● INPUT DATA

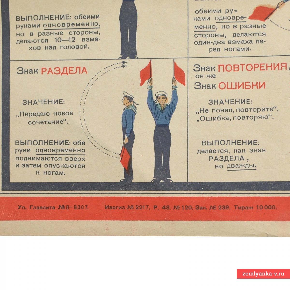 Бумага. Плакат находится в хорошем коллекционном состоянии. ОГИЗ-ИЗОГИЗ, 1931 г. Тираж 10000 шт. В центральной части плаката показаны все буквы алфавита, каждой из которых соответствует определенное положение рук сигнальщика с красными флажками. Также на плакате присутствуют служебные знаки и знаки перемены места. Плакат служит учебным пособием для сигнальщиков и моряков, наглядно показывая жесты с флажками, соответствующие буквам русского алфавита. Современная русская семафорная азбука была разработана в 1895 году вице-адмиралом Степаном Осиповичем Макаровым. Размер 102*70 см. Гарантия подлинности.
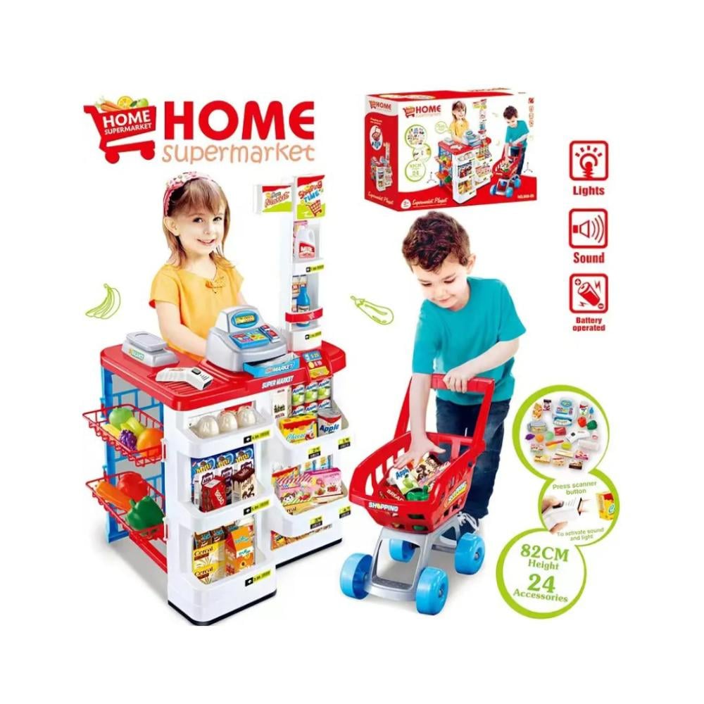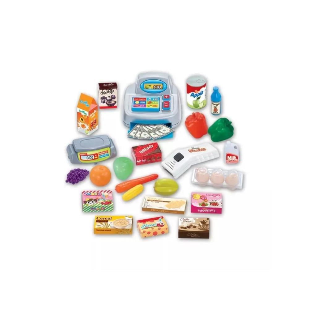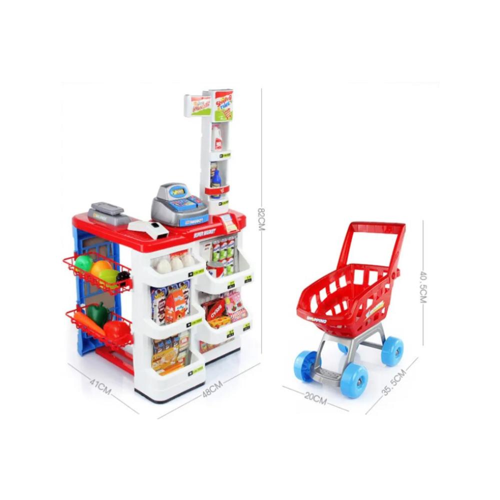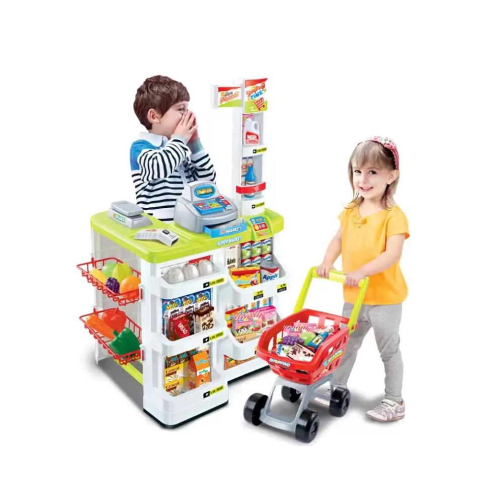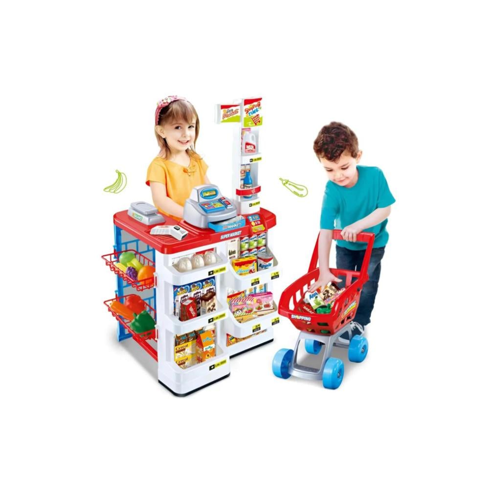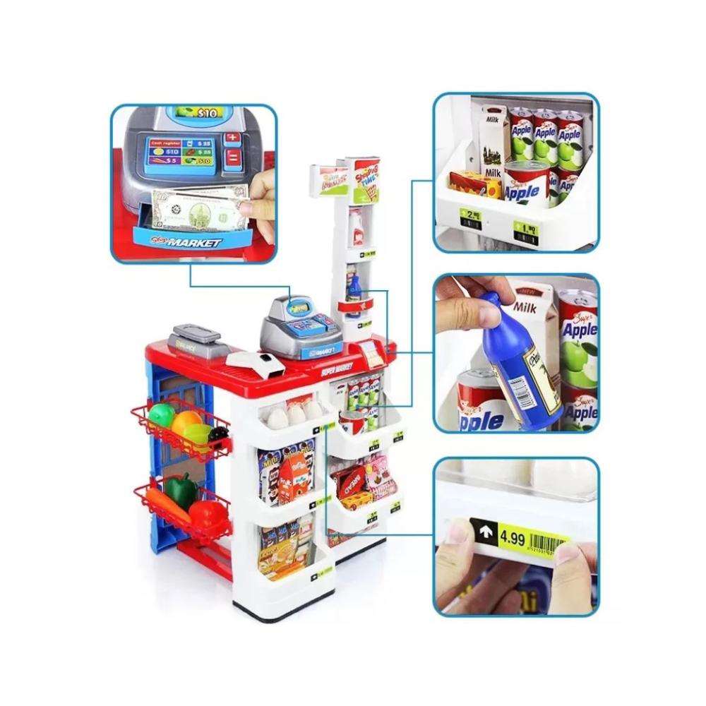 مع رفوف، وصندوق دفع، وثلاجة، وسلة تسوق، بالإضافة إلى ملحقات (22 قطعة).
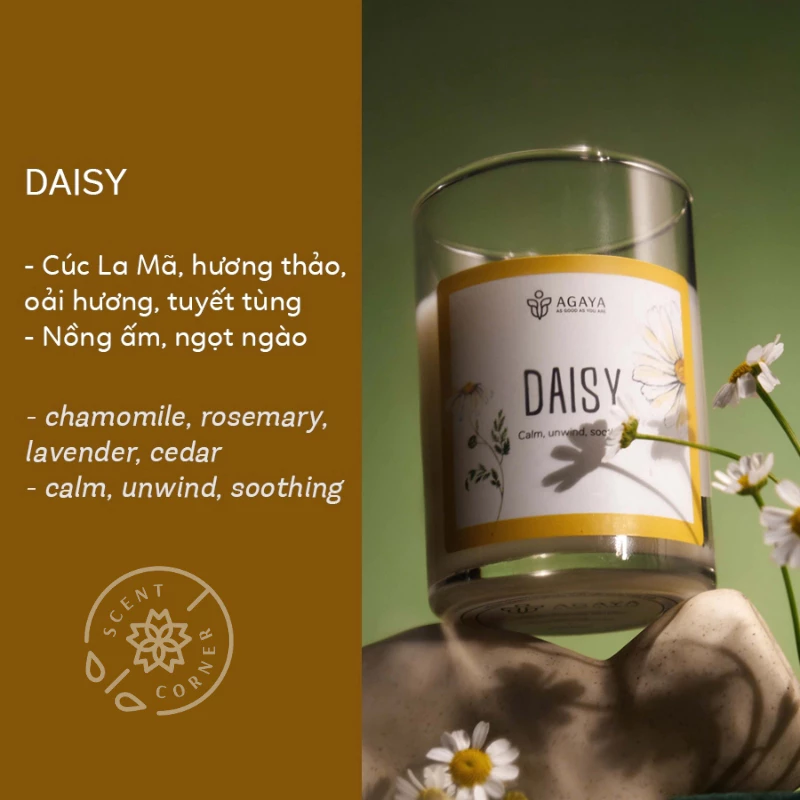 - Daisy: デイジー、ローズマリー、ラベンダー、シダーウッド (愛らしい、穏やか)

● TASK BRIEF
Repeat the listing in full and exactly. Do not include any images.

● SOLUTION TO THIS PROBLEM
 Бумага. Плакат находится в хорошем коллекционном состоянии. ОГИЗ-ИЗОГИЗ, 1931 г. Тираж 10000 шт. В центральной части плаката показаны все буквы алфавита, каждой из которых соответствует определенное положение рук сигнальщика с красными флажками. Также на плакате присутствуют служебные знаки и знаки перемены места. Плакат служит учебным пособием для сигнальщиков и моряков, наглядно показывая жесты с флажками, соответствующие буквам русского алфавита. Современная русская семафорная азбука была разработана в 1895 году вице-адмиралом Степаном Осиповичем Макаровым. Размер 102*70 см. Гарантия подлинности.
 مع رفوف، وصندوق دفع، وثلاجة، وسلة تسوق، بالإضافة إلى ملحقات (22 قطعة).
 - Daisy: デイジー、ローズマリー、ラベンダー、シダーウッド (愛らしい、穏やか)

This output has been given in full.